Однажды рано утром прибегает моя подружка Оля и кричит: «Скорей бери ведро, бежим!» Долго не раздумываю, хватаю ведро и на бегу узнаю, куда и зачем. Горит сахарный завод. От нас не близко, но какая разница — может, хоть что-то принесем. Где-то в центре города рвутся снаряды. В небе виден дым, разрываемый огоньками, но нам не страшно. Бежим мы не одни. Голодные люди быстро узнают, где и что делается. Подбегаем к развалинам завода, а там полно народу. Кричат, толкаются, сердятся, и мы сразу поняли, что делать тут нам нечего. Протиснуться не сможем.
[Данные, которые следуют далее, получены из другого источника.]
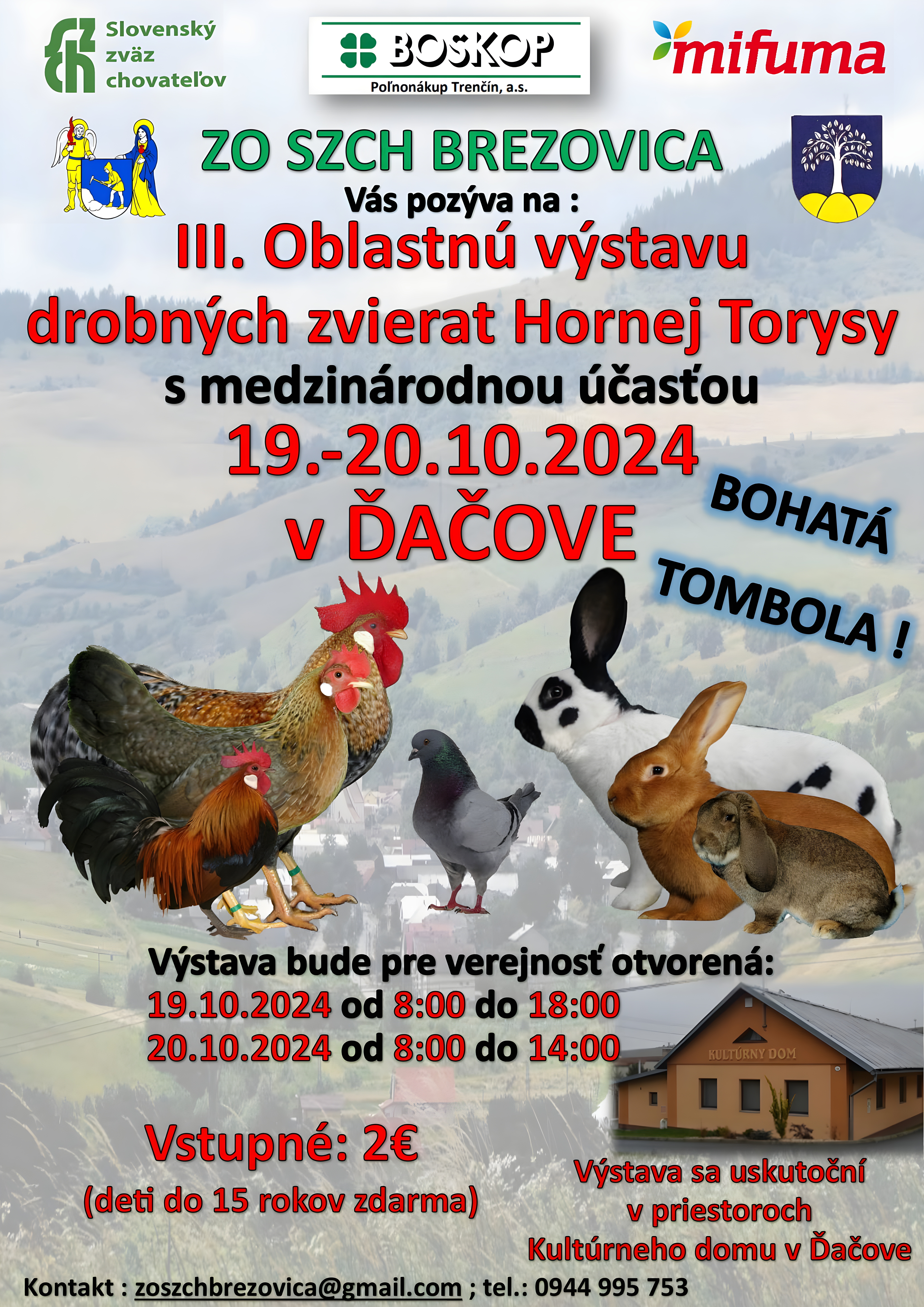 III. Oblastná výstava drobných zvierat hornej torysy Brezovica 19. - 20. 10. 2024
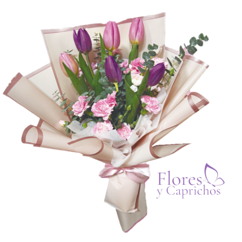 Lindo ramo con 6 tulipanes bicolor, eucalipto en extendida envoltura de papel coreano y lazo con cinta de tela.
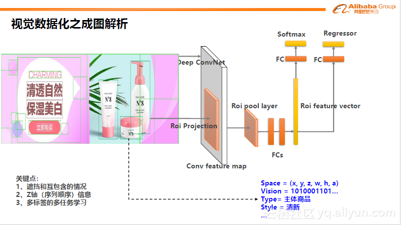 有了结构化信息之后,需要对信息进行量化。可以量化成特征或量化图。量化过程中会包含很多信息,比如主题风格、布局配色、元素种类、量化空间等。有了这些信息后可以在主题、种类、风格、视觉特征大小位置上,量化成各种码,用相对有限的特征来表达无限的图。
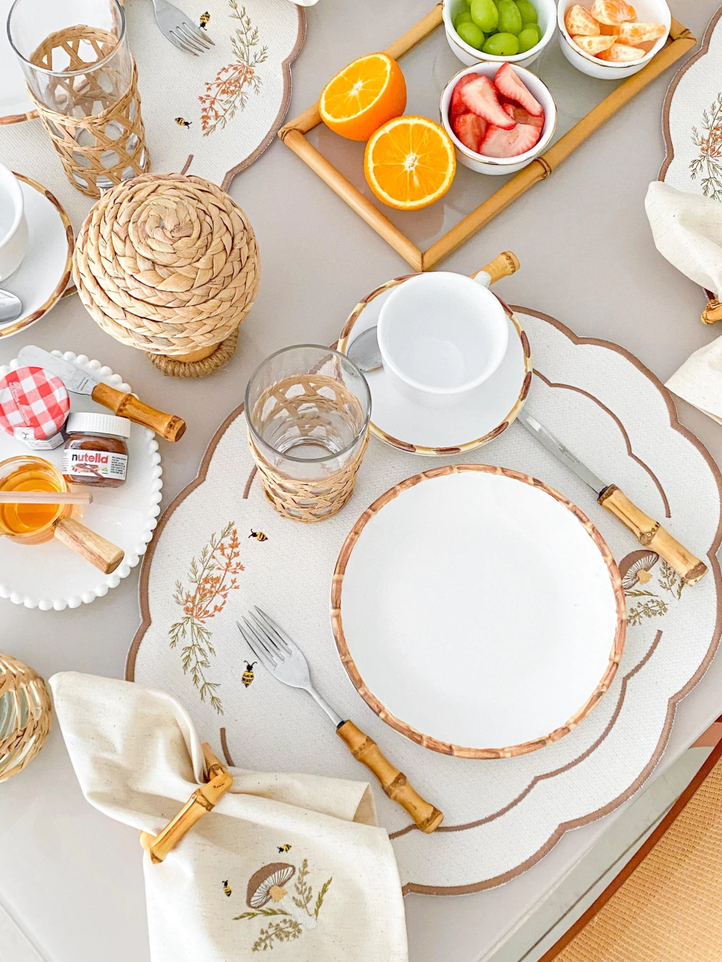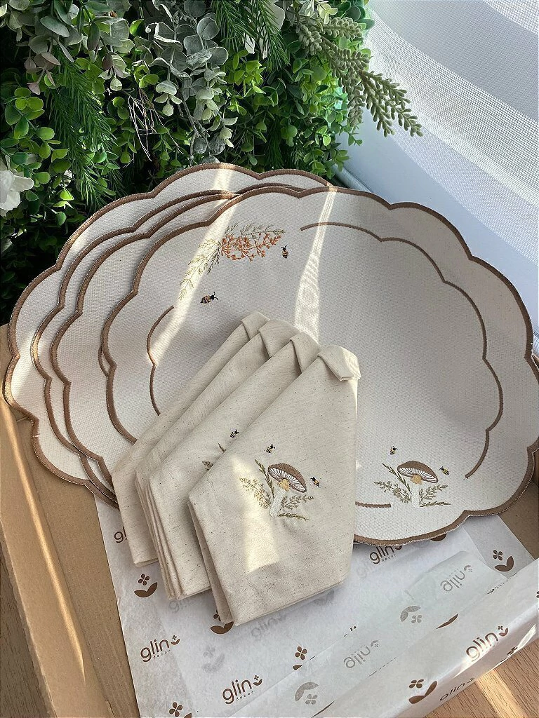 Este kit exclusivo foi meticulosamente criado para trazer a delicadeza e a suavidade dos elementos naturais para a sua mesa. Ele é composto por 4 jogos americanos com um design ondulado e um tom natural de linho, sutilmente bordados com charmosos cogumelos e abelhinhas, que conferem um toque lúdico e campestre à sua decoração. Complementando a atmosfera de floresta encantada, 4 guardanapos em linho, também com bordados de cogumelos e abelhinhas, adicionam um toque de leveza e harmonia ao conjunto, convidando a um mergulho na natureza.
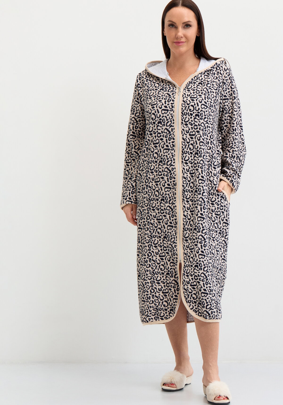 Уютный и стильный халат для дома, который сочетает комфорт и практичность. Изделие выполнено из мягкой, приятной к телу ткани и дополнено удобной застёжкой-молнией и капюшоном для максимального комфорта.
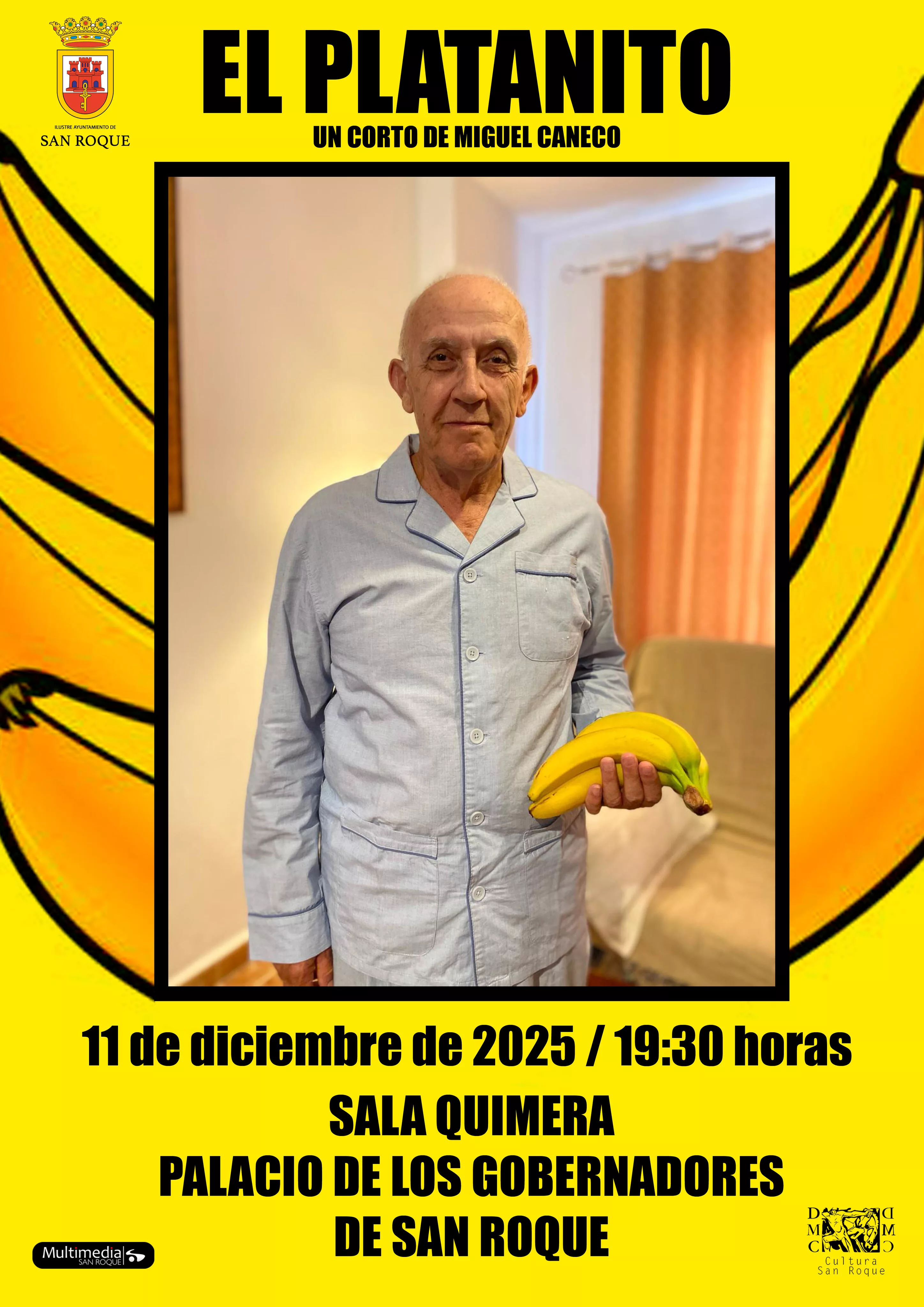 La Delegación de Cultura del Ayuntamiento de San Roque, que dirige la teniente de alcalde Ana Ruiz, organiza la proyección, el próximo 11 de diciembre, del cortometraje “El platanito”, del realizador sanroqueño José Miguel González, conocido como Miguel Caneco. El pase será a las 19.30 horas en la Sala Quimera del Palacio de los Gobernadores.
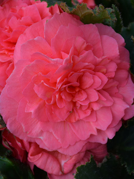 DESCRIPTION: Nonstop® Pink Begonia features dainty pink frilly flowers at the ends of the stems from mid spring to mid fall. Its succulent heart-shaped leaves remain green in colour throughout the season.
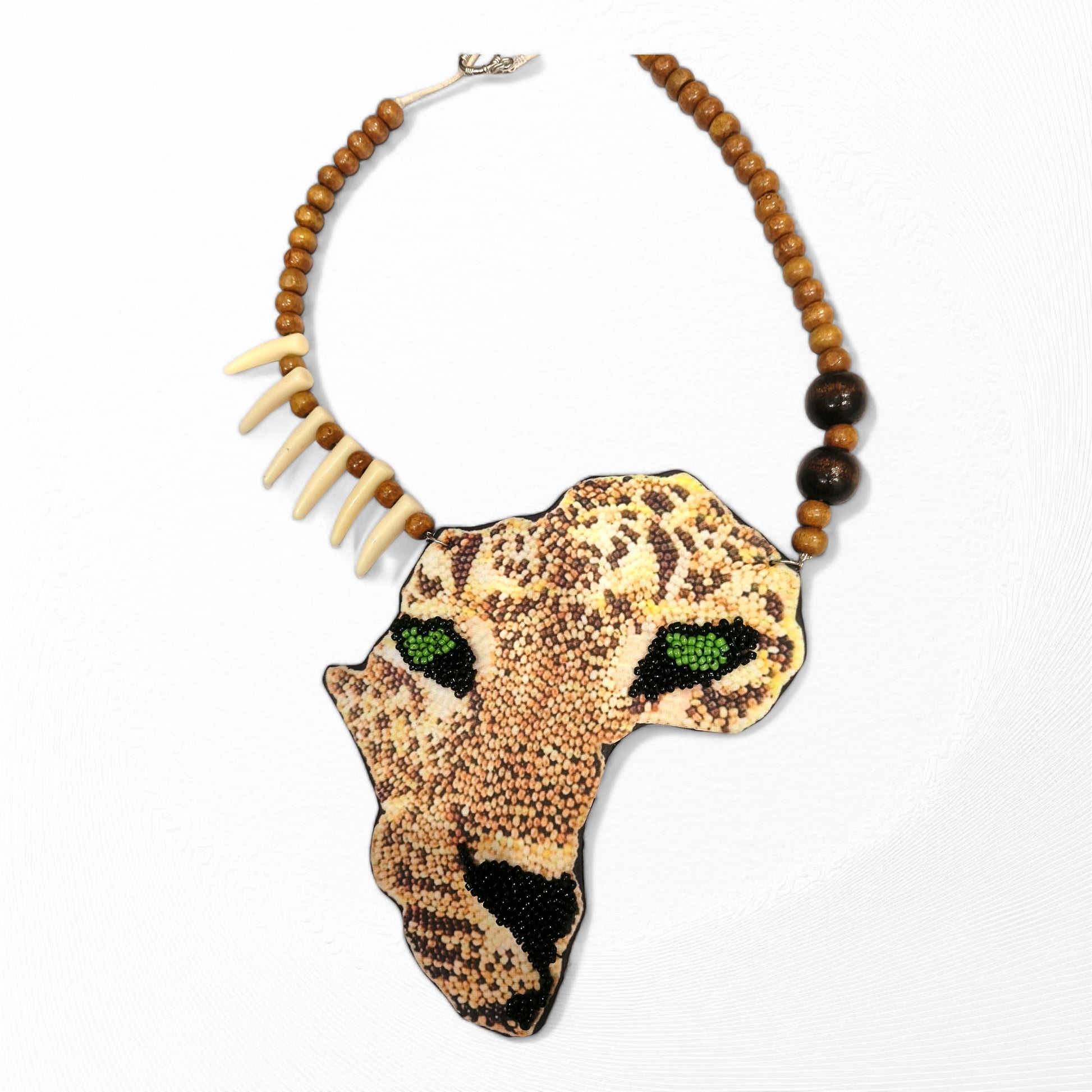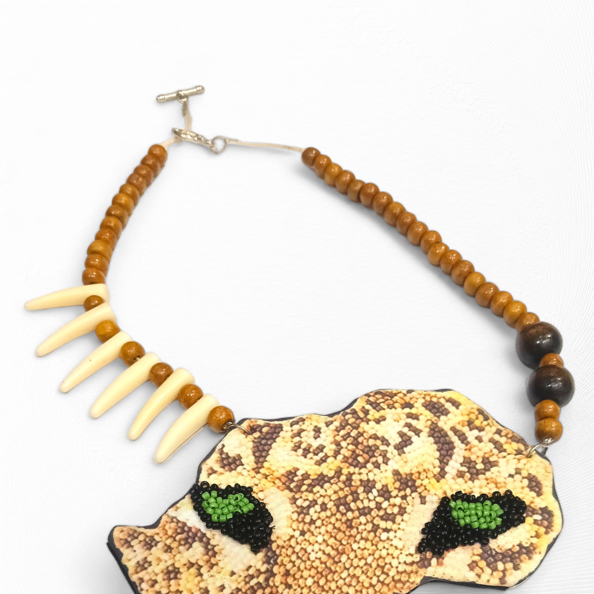 Hop on the adventurous ride with Meauiful's Mystical Tiger Mask Long Beaded Neckalce. It is a great craftsmanship of Indian artisans blending unique designs and materials. This fabric bead necklace features a smooth chain of polished brown and white beads resembling the Tiger's teeth. Meauiful's beaded necklace native has a striking pendant. It has a handcrafted tiger mask of fabric adorned with beautiful green and black seed beads. Overall, this tribal beads necklace symbolizes protection, beauty and power of nature. Wearing this African beads necklace, your overall personality will symbolize grounding and stability. Meauiful's Mystical Tiger Mask Long Beaded Necklace adds playful elements while tapping into inner courage and strength. Overall, it's a long beaded necklace designed for different occasions. Wearing this necklace all day long is super comfortable as it is lightweight. Shop now this attractive necklace full of exotic charm and a different style to complement your outfit.
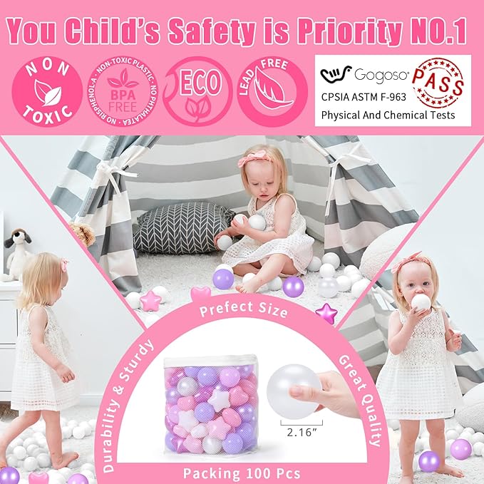 - Material: Our Gogoso ball pits balls are designed with safety-fun in mind. Made from non-toxic materials for babies, toddlers, and children.
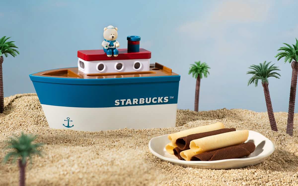 圖片來源:星巴克這個夏季與Bearista一起向夢想航行探險吧!「綜合mini奶油捲收納艇」組合內載運了mini海鹽雪茄捲及摩卡奶油捲,是適合在休憩時光款待自我、或與三五好友分享的精巧美味點心。
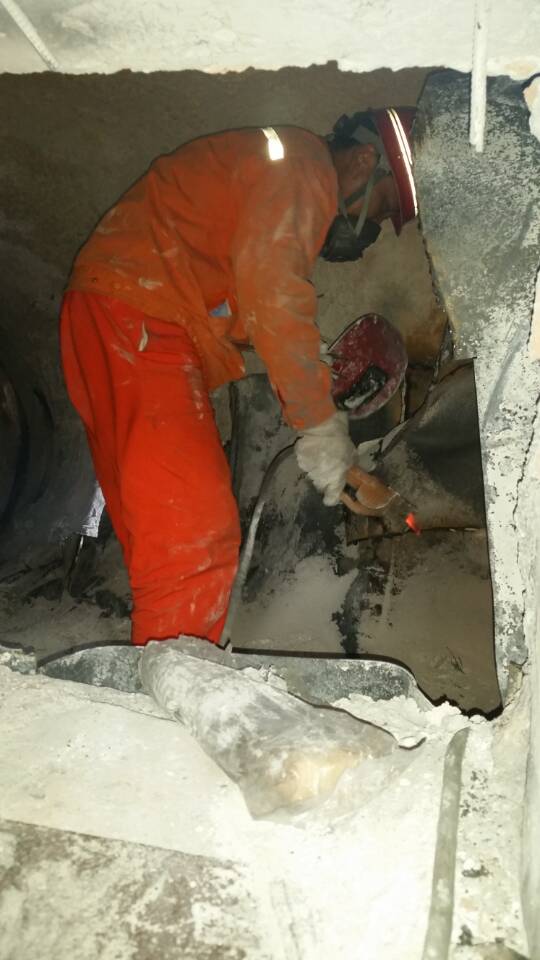 全廠沒有電源,意味著硅業(yè)收塵車間的引風(fēng)機(jī)也停運(yùn),清灰工作就要在高溫且無(wú)負(fù)壓的條件下進(jìn)行,煙道內(nèi)的溫度達(dá)到70多度,向外噴熱煙塵,加上澆注料的熱輻射,進(jìn)入煙道立刻汗流浹背。此種作業(yè)環(huán)境,在員工心里和生理上都是一項(xiàng)巨大的挑戰(zhàn)。更具挑戰(zhàn)性的是5#鍋爐割除不銹鋼板的工作,煙道內(nèi)的電焊操作人員,需把不銹鋼板割成小于50cm的小塊,然后一塊一塊地從人孔門遞出。在此高溫環(huán)境下作業(yè),每個(gè)操作員只能堅(jiān)持十幾分鐘,輪流上陣。長(zhǎng)時(shí)間的焊割作業(yè),使每個(gè)人的面部都被烤的紅腫,疼痛。面對(duì)挑戰(zhàn),中材節(jié)能人沒有退縮,而是爭(zhēng)分奪秒奮勇作戰(zhàn)。換班的間隙,許多員工兄弟們累得背靠背都能入睡。在中材節(jié)能龍陵子公司員工努力下,持續(xù)作戰(zhàn)二十個(gè)小時(shí),如期完成檢修,全力保障運(yùn)營(yíng),展現(xiàn)了中材節(jié)能人的責(zé)任、力量與風(fēng)采。
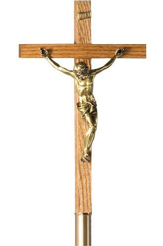 Unit price per89" tall, 2.6 lbs. Combination satin/polished finish, medium oak stain standard. Weighted bases for stability. Cross shown with 2870C Corpus, INRI" included. Arrows indicate separation points in processional pieces.
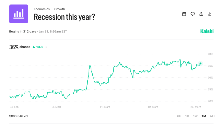 Steigende Energiepreise und straffere geldpolitische Erwartungen erhöhen außerdem bereits jetzt die Rezessionswahrscheinlichkeiten. Laut aktuellen Wettdaten von Kalshi liegt die Wahrscheinlichkeit einer US-Rezession für das Jahr 2026 bei 37 Prozent.
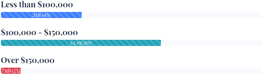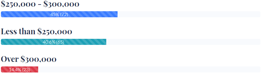 Nearly 60% of respondents think dayrates for harsh environment semisubs will be in the $350,000–400,000 range in one year.  And over 30% don’t even think they’ll make it to $350,000.
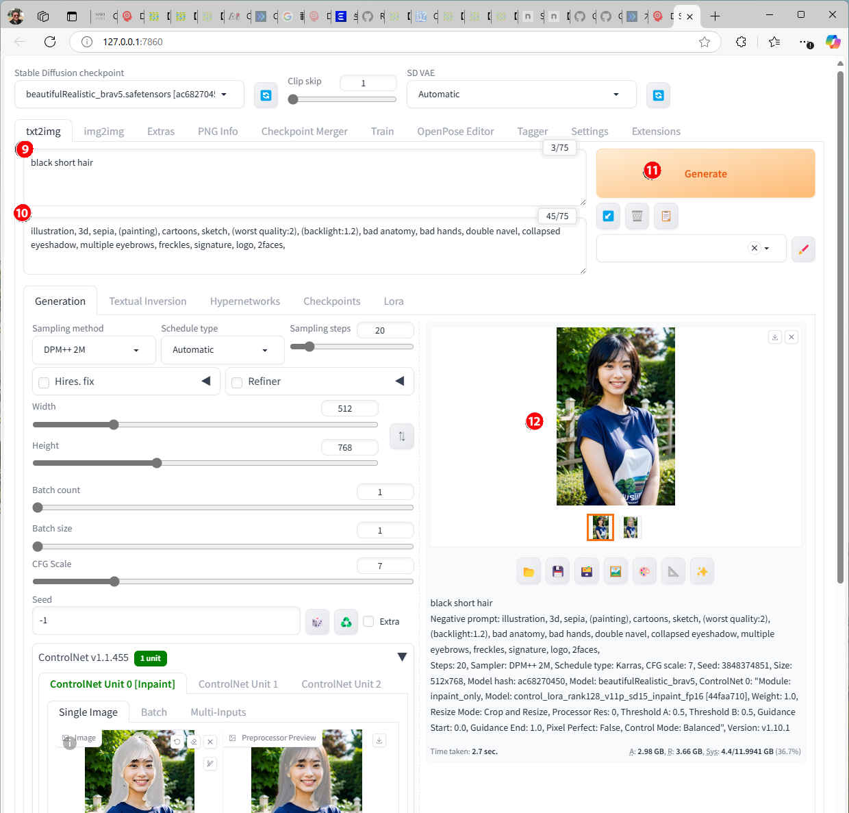 | P1 | best quality,masterpiece,ultra high res,(photorealistic:1.4),RAW photo,a beautiful japanese woman,20yo,portrait,standing,looking at viewer,smile, t-shirt, in garden |
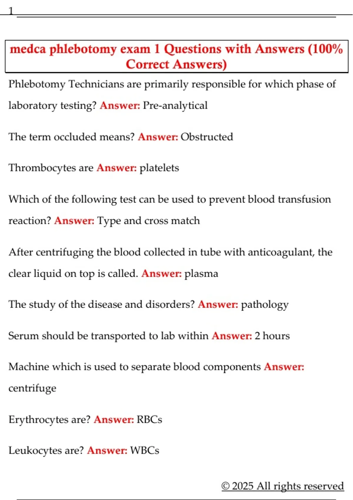 medca phlebotomy exam 1 Questions with Answers (100%
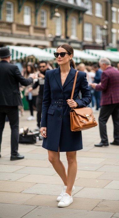 Why It’s Chic: This modern take on the blazer transforms it into a dress that’s both polished and comfortable. Paired with white sneakers and a statement bag, it’s perfect for travel—sophisticated enough for nice dinners yet comfortable for long days of exploring.

Отошли в сторонку.
Вдруг увидели черную от копоти девчонку с полным ведром густой темной жидкости. С сияющим лицом кричит нам: «Бегите вон туда (показывает в сторону Волги). Там патока льется прямо из трубы». Долго нас уговаривать не надо — моментально повернули в ту сторону. Помчались, не чуя под собою ног.
Позади вздрогнула земля, ухнуло, нас отбросило воздушной волной, мы упали, на голову посыпались земля и камни. Все закрылось дымом и пылью. Опомнились в какой-то яме, оглушенные взрывом, давясь кашлем и слезами, но целые и невредимые, если не считать ушибов и царапин. Кое-как выбрались, выкарабкались из ямы (она-то нас и спасла) и, оглянувшись вокруг, с ужасом поняли, что снаряд упал туда, откуда мы только что убежали.
Я с трудом переползла через острые камни, споткнулась, порезала ногу, упала. Подружка перевязала мне рану какой-то тряпкой, которая моментально пропиталась кровью. Но надо идти. Перешагиваем, перелезаем через искореженные и почерневшие развалины и вдруг видим: у разрушенной стены труба, а из нее льется темная жидкость, похожая на мед и на деготь. И никого вокруг. Видим, торчат чьи-то ноги, странно поднятые вверх среди щебня и железа. Вздрогнули, отшатнулись и — к трубе, к трубе. Наполнили ведра и растрепанные, в пыли и патоке, но счастливые выбрались из обломков. Попробовали добычу: сладкая!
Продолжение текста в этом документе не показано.